Import necessary libraries



In [1]:

    
import pandas as pd
import numpy as np
from fbprophet import Prophet
import matplotlib.pyplot as plt
 
%matplotlib inline
 
plt.rcParams['figure.figsize']=(20,10)
plt.style.use('ggplot')

Read in the data

Read the data in from the retail sales CSV file in the examples folder then set the index to the 'date' column. We are also parsing dates in the data file.



In [2]:

    
sales_df = pd.read_csv('../examples/retail_sales.csv', index_col='date', parse_dates=True)



In [3]:

    
sales_df.head()

Prepare for Prophet

For prophet to work, we need to change the names of these columns to 'ds' and 'y', so lets just create a new dataframe and keep our old one handy (you'll see why later). The new dataframe will initially be created with an integer index so we can rename the columns



In [4]:

    
df = sales_df.reset_index()



In [5]:

    
df.head()

Let's rename the columns as required by fbprophet. Additioinally, fbprophet doesn't like the index to be a datetime...it wants to see 'ds' as a non-index column, so we won't set an index differnetly than the integer index.



In [6]:

    
df=df.rename(columns={'date':'ds', 'sales':'y'})



In [7]:

    
df.head()

Now's a good time to take a look at your data. Plot the data using pandas' plot function



In [8]:

    
df.set_index('ds').y.plot()









    Out[8]:





<matplotlib.axes._subplots.AxesSubplot at 0x7f33b05bf790>

When working with time-series data, its good to take a look at the data to determine if trends exist, whether it is stationary, has any outliers and/or any other anamolies. Facebook prophet's example uses the log-transform as a way to remove some of these anomolies but it isn't the absolute 'best' way to do this...but given that its the example and a simple data series, I'll follow their lead for now. Taking the log of a number is easily reversible to be able to see your original data.

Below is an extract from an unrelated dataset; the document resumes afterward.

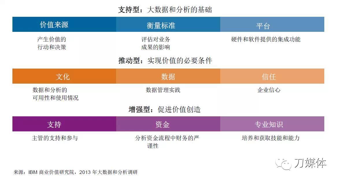 在该研究中,IBM调研了70多个国家或地区的900多位业务和IT高层主管。通过研究发现了如下图中所示的9大支持因素,可以帮助企业从各种来源中不断增加的数据获得洞察,通过分析这些数据在企业各个层面采取行动,从而创造出非凡的价值。这9大因素代表了能够最有效区分领先者与其他受访者的差异化能力。结果表明,领先者实现9大要素的方式基本类似,即利用分析创造价值。
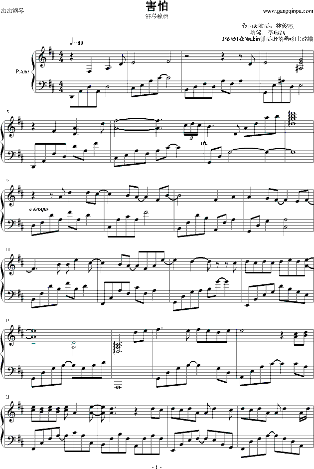 JJ Lin 裂缝中的阳光 钢琴独奏

To log-transform your data, you can use numpy's log() function



In [9]:

    
df['y'] = np.log(df['y'])



In [10]:

    
df.tail()



In [11]:

    
df.set_index('ds').y.plot()









    Out[11]:





<matplotlib.axes._subplots.AxesSubplot at 0x7f3380c76390>

As you can see in the above chart, the plot looks the same as the first one but just at a different scale.

Running Prophet

Now, let's set prophet up to begin modeling our data.

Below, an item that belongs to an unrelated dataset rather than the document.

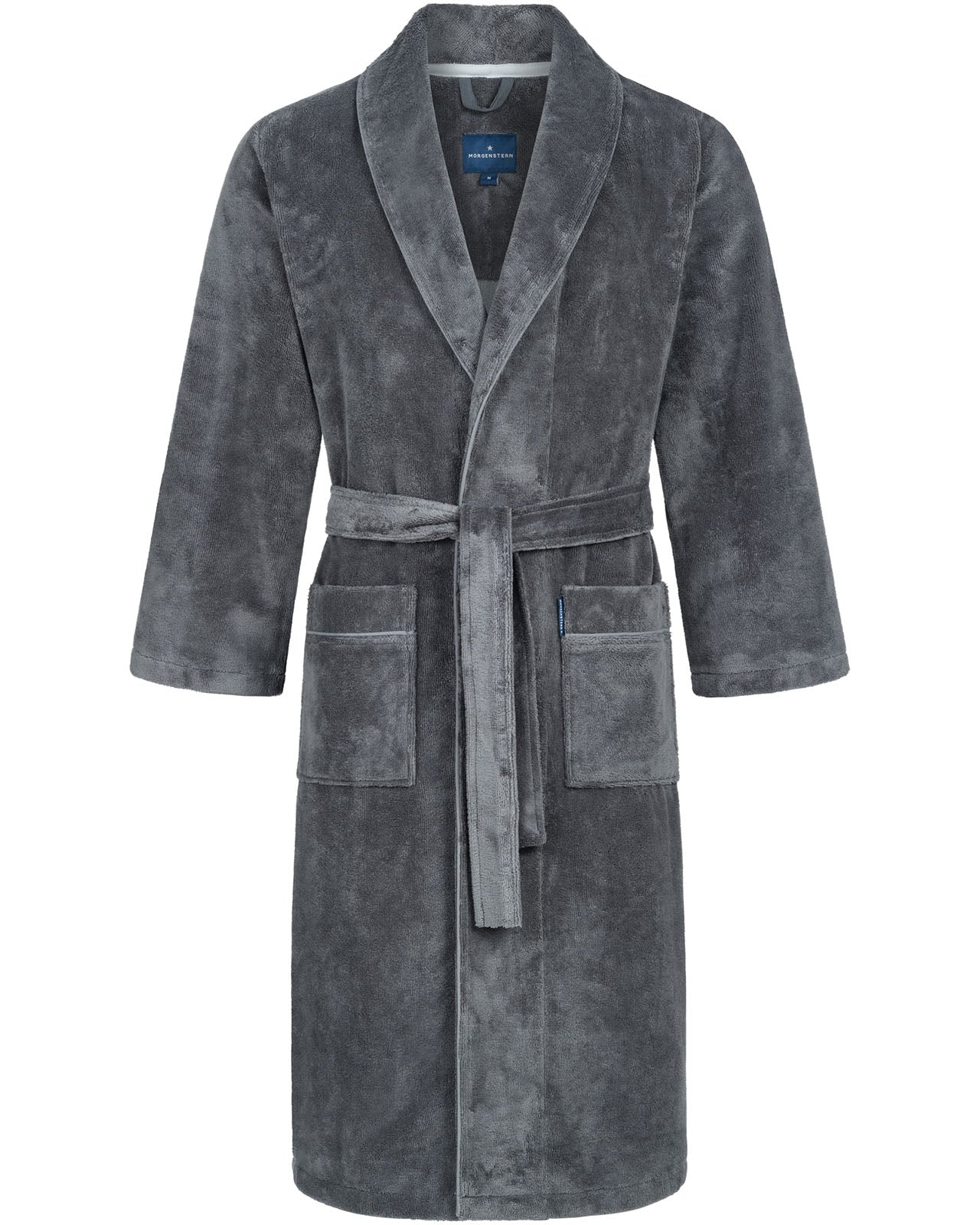+ Schalkragen mit Biese, Bindegürtel, 2 aufgesetzte Taschen, 1 Reißverschluss-Innentasche, Aufhänger

Note: Since we are using monthly data, you'll see a message from Prophet saying Disabling weekly seasonality. Run prophet with weekly_seasonality=True to override this. This is OK since we are workign with monthly data but you can disable it by using weekly_seasonality=True in the instantiation of Prophet.



In [12]:

    
model = Prophet()
model.fit(df);









    



Disabling weekly seasonality. Run prophet with weekly_seasonality=True to override this.

Forecasting is fairly useless unless you can look into the future, so we need to add some future dates to our dataframe. For this example, I want to forecast 2 years into the future, so I'll built a future dataframe with 24 periods since we are working with monthly data. Note the freq='m' inclusion to ensure we are adding 24 months of data.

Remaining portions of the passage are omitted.